What we do know is that Wal-Mart plans to ask all of its suppliers 15 questions about sustainable practices. Among them are questions about corporate greenhouse gas emissions, waste reduction targets, and water use. Top tier U.S. suppliers will be required to answer the questions by October 1, with international suppliers given a bit more leeway.
So what will happen to these questions? That’s still up in the air, but Matt Kistler, Wal-Mart’s senior vice president for sustainability, hinted that the Index could be used to choose suppliers. “It will be a way of making a final decision beyond cost,” he said. On the consumer side, so-called “nutrition labels” for sustainability won’t be available for at least five years. Wal-Mart won’t say if it plans on offering a rating system for sustainability-hunting shoppers, but the big box retailer is working on some sort of simple tool to help customers sift through supplier information.
Wal-Mart isn’t working on the Index of its over 100,000 suppliers alone, natch.

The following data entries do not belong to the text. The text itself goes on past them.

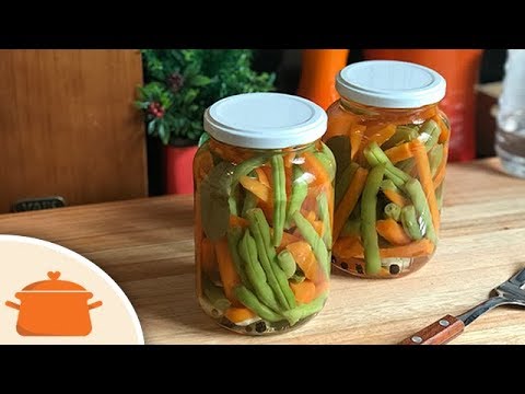 Essa conserva, sugerida pelo Panelaterapia, é feita com vagem e cenoura, ficando bem colorida e cheia de sabor. Para fazer o tempero, vai precisar de vinagre de álcool, água, açúcar e sal. Se quiser, pode colocar algumas bolinhas de pimenta preta para dar mais um toque de sabor. Veja no vídeo como fazer:
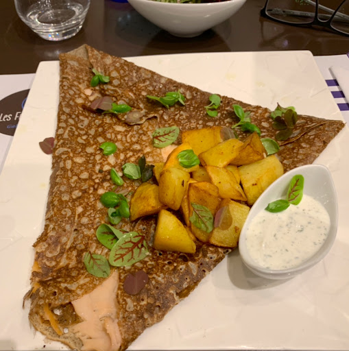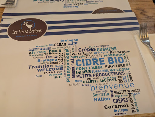 Read moreThe Bretons Freres was awesome. We had dinner galettes and dessert crepes. They make a lot of their food: homemade chocolate, homemade caramel, homemade whipped cream and homemade mustard sauce. Our kids had ham and cheese and said they were really good. We had sausage and it was good as well. We loved the roasted potatoes with the mustard sauce. We ended up ordering a second bowl. I ate a lot of mustard sauce, it was so good. We got a variety of dessert crepes and sampled each other’s. The homemade chocolate and caramel were delicious. I had the seasonal crepe which was chocolate, strawberries and homemade whipped cream. We also tried the homemade caramel and oatmeal cookie crepe. It was yummy too. The service was wonderful even though they were busy. Our server was very helpful and enthusiastic. We also bought a small jar of homemade caramel to enjoy at home. Highly recommend having a meal here. It was...
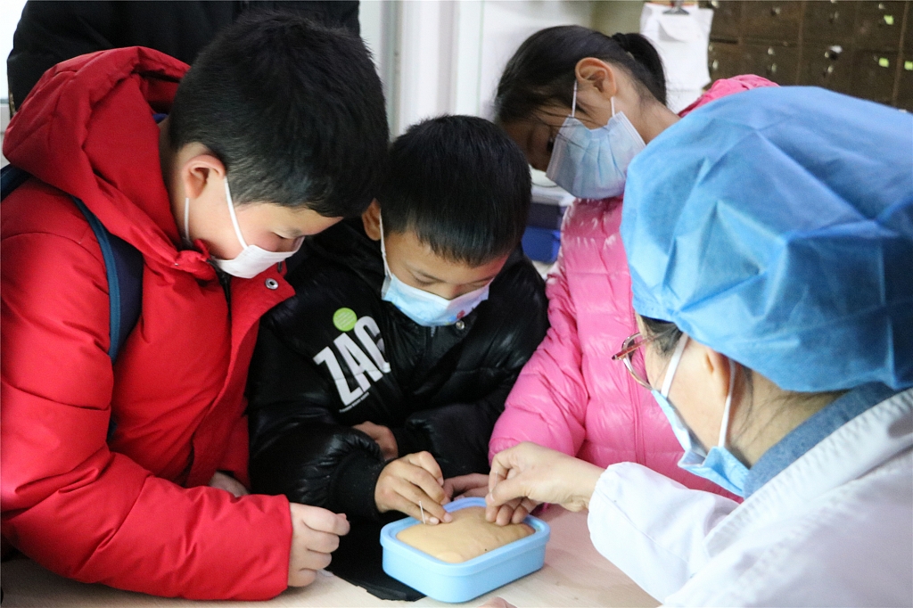 在针灸科,毛曦晔主任系统地介绍了传统中医外治法的发展史和各种治疗方法,并进行了艾灸、火罐、针灸等治疗演示,孩子们纷纷要求体验艾灸、隔姜灸治疗。在简单介绍了中医穴位知识后,毛曦晔主任演示针灸的正确手法,并让孩子们在“仿真皮肤”上实际操作针灸扎针。活动结束后,毛曦晔主任还赠送了中医药科普图书给孩子们,希望孩子们回到家后继续通过阅读图书接受中医药文化熏陶。

The company is establishing a consortium of universities, NGOs, suppliers, retailers, and government agencies to help develop a lifecycle database of its products. While Wal-Mart is providing the initial funding for the Sustainability Index Consortium, it ultimately plans to hand it off to a third party group–probably an NGO.
The massive Sustainability Index sounds like something cooked up in some idealistic college student’s dorm room at 2 a.m., and at this point, no one is too sure if it will pan out as planned. But who knows–maybe Wal-Mart will actually lead the sustainable product revolution.